■ GIVEN MATERIAL ■
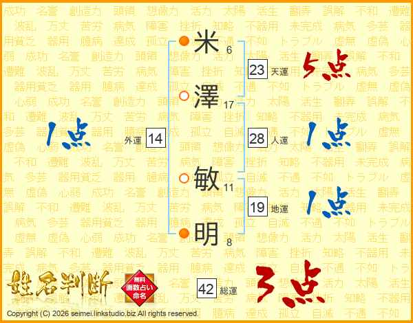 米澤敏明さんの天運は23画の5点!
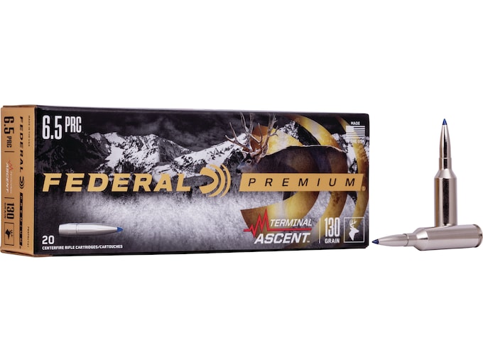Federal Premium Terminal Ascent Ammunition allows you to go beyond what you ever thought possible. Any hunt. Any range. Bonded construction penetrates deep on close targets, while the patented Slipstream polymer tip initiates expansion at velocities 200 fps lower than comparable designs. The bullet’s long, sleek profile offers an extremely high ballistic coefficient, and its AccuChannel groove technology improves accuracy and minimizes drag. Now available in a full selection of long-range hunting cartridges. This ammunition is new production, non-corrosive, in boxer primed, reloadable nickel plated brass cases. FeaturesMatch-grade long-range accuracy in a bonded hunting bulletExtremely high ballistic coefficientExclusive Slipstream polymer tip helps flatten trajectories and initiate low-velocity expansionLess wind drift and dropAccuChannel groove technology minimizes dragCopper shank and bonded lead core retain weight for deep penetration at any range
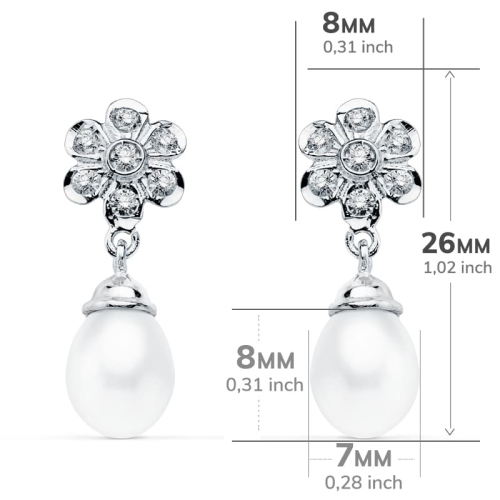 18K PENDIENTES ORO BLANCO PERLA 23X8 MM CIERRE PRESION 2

■ WHAT YOU HAVE TO DO ■
Copy out the full material exactly. Pictures should not appear in it.

■ WRITTEN ANSWER ■
 米澤敏明さんの天運は23画の5点!
Federal Premium Terminal Ascent Ammunition allows you to go beyond what you ever thought possible. Any hunt. Any range. Bonded construction penetrates deep on close targets, while the patented Slipstream polymer tip initiates expansion at velocities 200 fps lower than comparable designs. The bullet’s long, sleek profile offers an extremely high ballistic coefficient, and its AccuChannel groove technology improves accuracy and minimizes drag. Now available in a full selection of long-range hunting cartridges. This ammunition is new production, non-corrosive, in boxer primed, reloadable nickel plated brass cases. FeaturesMatch-grade long-range accuracy in a bonded hunting bulletExtremely high ballistic coefficientExclusive Slipstream polymer tip helps flatten trajectories and initiate low-velocity expansionLess wind drift and dropAccuChannel groove technology minimizes dragCopper shank and bonded lead core retain weight for deep penetration at any range
 18K PENDIENTES ORO BLANCO PERLA 23X8 MM CIERRE PRESION 2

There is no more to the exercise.